• Task instructions:
Only the stretch of the listing below that runs from the line with "Piatto tradizionale di" through the line with "Monsignore Emanuel Corragioni" is to be printed, exactly and with both ends.

• Extracted material:
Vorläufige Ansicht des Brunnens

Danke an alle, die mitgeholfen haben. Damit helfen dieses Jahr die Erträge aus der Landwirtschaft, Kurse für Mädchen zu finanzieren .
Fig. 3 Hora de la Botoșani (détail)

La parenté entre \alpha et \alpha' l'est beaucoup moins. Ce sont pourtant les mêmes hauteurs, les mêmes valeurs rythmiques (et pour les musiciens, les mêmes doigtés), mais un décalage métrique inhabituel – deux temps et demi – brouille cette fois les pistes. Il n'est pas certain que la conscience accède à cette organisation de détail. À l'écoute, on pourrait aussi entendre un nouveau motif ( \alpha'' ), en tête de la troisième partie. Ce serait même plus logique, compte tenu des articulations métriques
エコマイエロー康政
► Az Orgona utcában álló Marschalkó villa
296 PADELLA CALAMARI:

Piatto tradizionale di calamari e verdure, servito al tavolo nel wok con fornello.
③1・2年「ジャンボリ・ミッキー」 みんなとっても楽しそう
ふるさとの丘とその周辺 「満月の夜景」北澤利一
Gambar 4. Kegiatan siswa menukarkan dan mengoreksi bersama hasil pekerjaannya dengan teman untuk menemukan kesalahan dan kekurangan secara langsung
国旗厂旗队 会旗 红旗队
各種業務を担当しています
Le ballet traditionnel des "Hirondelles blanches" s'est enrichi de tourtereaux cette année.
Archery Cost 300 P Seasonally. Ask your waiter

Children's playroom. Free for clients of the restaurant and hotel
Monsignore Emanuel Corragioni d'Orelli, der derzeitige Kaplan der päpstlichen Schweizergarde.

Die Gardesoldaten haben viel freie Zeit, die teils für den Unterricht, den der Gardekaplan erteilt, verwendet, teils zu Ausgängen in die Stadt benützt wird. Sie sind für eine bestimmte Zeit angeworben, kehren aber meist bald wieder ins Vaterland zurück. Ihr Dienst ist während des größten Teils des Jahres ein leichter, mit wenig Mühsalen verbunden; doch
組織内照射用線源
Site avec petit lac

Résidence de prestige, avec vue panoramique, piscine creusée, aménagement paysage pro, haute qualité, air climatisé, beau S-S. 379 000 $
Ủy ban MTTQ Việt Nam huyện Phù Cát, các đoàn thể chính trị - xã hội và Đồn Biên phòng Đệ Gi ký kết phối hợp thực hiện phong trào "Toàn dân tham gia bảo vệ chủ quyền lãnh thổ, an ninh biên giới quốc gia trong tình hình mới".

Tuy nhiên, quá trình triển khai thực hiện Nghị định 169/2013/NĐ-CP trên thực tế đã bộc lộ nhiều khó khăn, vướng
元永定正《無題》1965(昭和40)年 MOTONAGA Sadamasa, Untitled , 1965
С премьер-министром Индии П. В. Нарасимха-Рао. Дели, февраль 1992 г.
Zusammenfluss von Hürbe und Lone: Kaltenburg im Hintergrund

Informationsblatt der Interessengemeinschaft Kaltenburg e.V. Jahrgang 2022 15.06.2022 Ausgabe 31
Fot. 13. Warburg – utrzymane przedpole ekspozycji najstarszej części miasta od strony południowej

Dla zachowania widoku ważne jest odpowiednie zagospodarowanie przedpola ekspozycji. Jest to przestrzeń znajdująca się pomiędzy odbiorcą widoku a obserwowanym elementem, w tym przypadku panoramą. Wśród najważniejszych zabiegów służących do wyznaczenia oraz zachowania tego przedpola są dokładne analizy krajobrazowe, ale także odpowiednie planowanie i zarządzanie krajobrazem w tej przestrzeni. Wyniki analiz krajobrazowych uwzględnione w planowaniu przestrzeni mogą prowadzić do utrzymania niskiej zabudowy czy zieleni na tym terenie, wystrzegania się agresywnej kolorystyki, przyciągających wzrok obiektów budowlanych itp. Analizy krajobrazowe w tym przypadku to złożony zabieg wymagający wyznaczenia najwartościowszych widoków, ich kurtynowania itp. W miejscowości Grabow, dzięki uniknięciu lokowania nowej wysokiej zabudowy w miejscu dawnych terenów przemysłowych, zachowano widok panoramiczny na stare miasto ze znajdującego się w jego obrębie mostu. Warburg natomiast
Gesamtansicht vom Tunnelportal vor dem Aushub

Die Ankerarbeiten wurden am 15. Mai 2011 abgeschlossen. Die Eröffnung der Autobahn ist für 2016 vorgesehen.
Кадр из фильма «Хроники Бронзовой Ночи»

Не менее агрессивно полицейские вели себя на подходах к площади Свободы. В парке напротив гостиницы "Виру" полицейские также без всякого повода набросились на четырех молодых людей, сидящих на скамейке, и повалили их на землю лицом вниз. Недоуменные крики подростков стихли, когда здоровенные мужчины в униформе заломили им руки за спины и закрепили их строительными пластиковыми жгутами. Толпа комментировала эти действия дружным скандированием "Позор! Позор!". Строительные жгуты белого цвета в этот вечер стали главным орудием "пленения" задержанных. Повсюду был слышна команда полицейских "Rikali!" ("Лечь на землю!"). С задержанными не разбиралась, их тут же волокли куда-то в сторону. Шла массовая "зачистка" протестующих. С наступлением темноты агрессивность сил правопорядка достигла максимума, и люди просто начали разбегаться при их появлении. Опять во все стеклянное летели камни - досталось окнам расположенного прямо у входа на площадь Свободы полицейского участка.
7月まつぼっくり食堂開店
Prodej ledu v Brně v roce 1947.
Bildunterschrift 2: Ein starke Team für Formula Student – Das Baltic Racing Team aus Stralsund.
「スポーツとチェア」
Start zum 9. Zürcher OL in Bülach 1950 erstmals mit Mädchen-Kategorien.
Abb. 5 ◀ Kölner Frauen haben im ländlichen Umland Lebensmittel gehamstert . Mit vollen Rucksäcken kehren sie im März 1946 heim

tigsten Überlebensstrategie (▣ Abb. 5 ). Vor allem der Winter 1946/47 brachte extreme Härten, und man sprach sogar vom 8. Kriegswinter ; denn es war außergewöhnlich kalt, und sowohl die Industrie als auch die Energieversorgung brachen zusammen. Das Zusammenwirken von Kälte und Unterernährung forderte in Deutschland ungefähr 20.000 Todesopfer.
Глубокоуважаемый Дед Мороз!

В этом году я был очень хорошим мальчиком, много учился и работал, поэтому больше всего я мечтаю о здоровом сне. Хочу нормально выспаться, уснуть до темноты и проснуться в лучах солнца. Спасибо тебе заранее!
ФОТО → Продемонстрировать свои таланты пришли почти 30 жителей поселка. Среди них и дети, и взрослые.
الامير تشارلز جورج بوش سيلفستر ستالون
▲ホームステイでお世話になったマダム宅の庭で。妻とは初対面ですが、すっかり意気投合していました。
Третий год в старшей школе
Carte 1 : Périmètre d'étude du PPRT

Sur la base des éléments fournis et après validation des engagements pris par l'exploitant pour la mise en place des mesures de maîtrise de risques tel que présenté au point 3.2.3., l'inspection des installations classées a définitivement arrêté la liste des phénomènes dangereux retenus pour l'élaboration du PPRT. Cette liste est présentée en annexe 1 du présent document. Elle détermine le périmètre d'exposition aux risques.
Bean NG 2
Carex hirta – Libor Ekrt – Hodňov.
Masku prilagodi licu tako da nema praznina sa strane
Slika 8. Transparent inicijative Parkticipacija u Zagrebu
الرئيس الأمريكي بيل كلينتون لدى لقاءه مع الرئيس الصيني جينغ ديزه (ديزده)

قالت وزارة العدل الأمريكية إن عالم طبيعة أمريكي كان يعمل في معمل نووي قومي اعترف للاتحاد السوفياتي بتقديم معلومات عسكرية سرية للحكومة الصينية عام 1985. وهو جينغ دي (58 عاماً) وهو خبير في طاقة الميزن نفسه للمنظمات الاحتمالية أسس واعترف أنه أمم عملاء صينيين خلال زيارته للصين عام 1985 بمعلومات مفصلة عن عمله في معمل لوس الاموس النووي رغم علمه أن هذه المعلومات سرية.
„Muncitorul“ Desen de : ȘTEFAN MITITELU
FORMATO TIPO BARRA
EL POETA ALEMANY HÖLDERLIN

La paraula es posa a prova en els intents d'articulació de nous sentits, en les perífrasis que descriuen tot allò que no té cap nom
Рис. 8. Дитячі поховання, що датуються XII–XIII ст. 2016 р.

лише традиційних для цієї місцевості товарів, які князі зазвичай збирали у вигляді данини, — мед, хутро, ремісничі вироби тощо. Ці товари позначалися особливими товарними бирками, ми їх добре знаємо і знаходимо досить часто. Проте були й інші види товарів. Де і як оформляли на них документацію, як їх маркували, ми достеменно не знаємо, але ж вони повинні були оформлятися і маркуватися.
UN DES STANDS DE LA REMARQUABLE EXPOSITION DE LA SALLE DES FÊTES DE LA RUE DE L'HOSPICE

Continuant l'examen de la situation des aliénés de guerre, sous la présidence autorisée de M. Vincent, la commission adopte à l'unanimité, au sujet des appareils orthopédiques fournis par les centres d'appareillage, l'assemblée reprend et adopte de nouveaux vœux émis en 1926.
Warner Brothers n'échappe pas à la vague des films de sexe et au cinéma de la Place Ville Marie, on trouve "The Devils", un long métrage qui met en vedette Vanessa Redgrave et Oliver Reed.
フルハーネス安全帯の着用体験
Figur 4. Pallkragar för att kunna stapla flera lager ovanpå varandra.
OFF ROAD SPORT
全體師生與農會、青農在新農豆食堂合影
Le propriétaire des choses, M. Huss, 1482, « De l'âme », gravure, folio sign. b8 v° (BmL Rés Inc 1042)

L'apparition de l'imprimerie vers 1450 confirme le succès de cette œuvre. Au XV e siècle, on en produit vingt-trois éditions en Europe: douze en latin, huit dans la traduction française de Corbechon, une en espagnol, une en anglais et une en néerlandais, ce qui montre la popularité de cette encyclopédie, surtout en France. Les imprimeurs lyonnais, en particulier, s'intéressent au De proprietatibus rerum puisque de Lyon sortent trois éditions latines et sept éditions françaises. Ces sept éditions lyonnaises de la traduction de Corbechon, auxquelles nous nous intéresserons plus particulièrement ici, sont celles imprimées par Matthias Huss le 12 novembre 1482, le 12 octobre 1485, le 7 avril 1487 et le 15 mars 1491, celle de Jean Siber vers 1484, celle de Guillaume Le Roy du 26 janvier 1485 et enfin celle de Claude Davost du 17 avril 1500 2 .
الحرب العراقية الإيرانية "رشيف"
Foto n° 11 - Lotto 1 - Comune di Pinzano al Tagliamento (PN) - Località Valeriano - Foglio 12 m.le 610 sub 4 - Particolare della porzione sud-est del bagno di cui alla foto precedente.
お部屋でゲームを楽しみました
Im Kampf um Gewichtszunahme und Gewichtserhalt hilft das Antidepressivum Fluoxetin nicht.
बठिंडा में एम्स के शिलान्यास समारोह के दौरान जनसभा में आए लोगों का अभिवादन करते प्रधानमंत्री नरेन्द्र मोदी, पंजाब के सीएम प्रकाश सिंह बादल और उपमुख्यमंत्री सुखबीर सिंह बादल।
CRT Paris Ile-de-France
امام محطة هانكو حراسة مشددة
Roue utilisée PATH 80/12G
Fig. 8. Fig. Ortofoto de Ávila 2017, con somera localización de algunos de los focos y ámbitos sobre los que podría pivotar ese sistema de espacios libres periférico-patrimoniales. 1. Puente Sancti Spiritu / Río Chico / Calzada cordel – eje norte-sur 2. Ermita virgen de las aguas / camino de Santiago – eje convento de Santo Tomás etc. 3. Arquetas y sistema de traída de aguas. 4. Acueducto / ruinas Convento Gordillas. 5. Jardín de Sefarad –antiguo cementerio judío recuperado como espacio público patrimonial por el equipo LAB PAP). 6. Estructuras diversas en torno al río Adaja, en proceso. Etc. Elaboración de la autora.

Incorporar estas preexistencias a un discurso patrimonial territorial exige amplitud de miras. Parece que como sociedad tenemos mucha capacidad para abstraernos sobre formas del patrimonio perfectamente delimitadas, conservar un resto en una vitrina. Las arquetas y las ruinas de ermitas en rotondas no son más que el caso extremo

• Exercise output:
Piatto tradizionale di calamari e verdure, servito al tavolo nel wok con fornello.
③1・2年「ジャンボリ・ミッキー」 みんなとっても楽しそう
ふるさとの丘とその周辺 「満月の夜景」北澤利一
Gambar 4. Kegiatan siswa menukarkan dan mengoreksi bersama hasil pekerjaannya dengan teman untuk menemukan kesalahan dan kekurangan secara langsung
国旗厂旗队 会旗 红旗队
各種業務を担当しています
Le ballet traditionnel des "Hirondelles blanches" s'est enrichi de tourtereaux cette année.
Archery Cost 300 P Seasonally. Ask your waiter

Children's playroom. Free for clients of the restaurant and hotel
Monsignore Emanuel Corragioni d'Orelli, der derzeitige Kaplan der päpstlichen Schweizergarde.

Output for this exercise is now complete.